A friend of mine posted to Facebook yesterday: “Life is not a zero-sum equation. Ensuring the liberation and justice for those most marginalized doesn’t actually take away any liberation or justice from you.” It reminded me of some things I’ve mulled over off and on.

It seems that much of the fear that was whipped up during the 2016 election is based on the assumption that life is a zero-sum game. If I gain a right, you lose it. When African-Americans get to vote, Whites votes count less. When women start working, men’s jobs are threatened. When same-sex couples can get married, the sanctity of heterosexual marriage is threatened.

These zero-sums are artificially created.

According to James Surowiecki, one key element that differentiates a crowd that moves toward wisdom from mob rule is diversity of opinion. By giving voting rights to people other than white male property-owners, we are diversifying the electorate and should end up with wiser choices. Yes, I know, this doesn’t seem to happen. The flawed U.S. system restricts diversity of opinion through other means, including the winner-takes all system. More sinister, though, is the voter suppression that happened, especially during the 2016 election. The election result was more a reflection of mob rule than wisdom of crowds.

With jobs, the artificial creation of a zero-sum game is even more obvious. Let’s assume we have 10 hours of work to do. If we gave those 10 hours to a white man, he’d have to work the whole 10 hours. A white woman, two women of color, and a man of color also want to work. Now we have five people. Each one only has to work 2 hours! But what do they get paid?! In our current economy, they’d all get paid only one-fifth, which makes all of them less well off – unless they all could find 8 more hours of work.
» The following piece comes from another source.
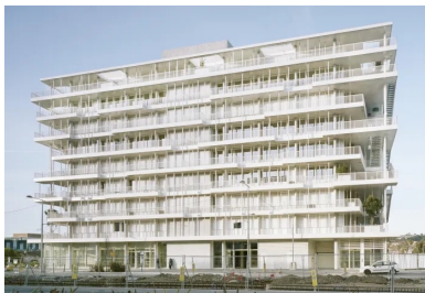
La longueur des débords s'adapte aux orientations. elle est réduite au nord, où un jeu aléatoire de poteaux crée une façade vibrante le long de la nouvelle avenue.

Afin de donner un usage à ces grands débords de dalle, des terrasses accessibles sont tout naturellement venues les animer pour le bien-être des travailleurs.

It could be worse since there is another person, often a white male, who pegs all five against each other and gives the job to the lowest bidder (who probably would end up working all 10 hours for less than 1/5th of the pay!). This is the zero-sum game of capitalism. It doesn’t have to be this way, though. What if those 5 people got together and created their own co-op. They could share the work and its benefits. Maybe they would end up working, say, 5 hours each but would earn the equivalent of 10 hours work. What we are taught is that this is not possible. We are taught to stay stuck in the zero-sum and don’t even try to create a positive-sum, which would lift everybody up because a positive-sum would not benefit those that benefit from the artificial zero-sum: Those who siphon off wealth for their own enrichment creating the extreme inequality we see now in the United States and the world.

The marriage example is only grounded in rhetoric. There is absolutely nothing that my neighbor does in the privacy of her home that impacts anything that I do in the privacy of my home (well, assuming she isn’t hacking into my computer or something like that 😉 ). Claiming that someone else’s marriage somehow impacts mine is plainly absurd.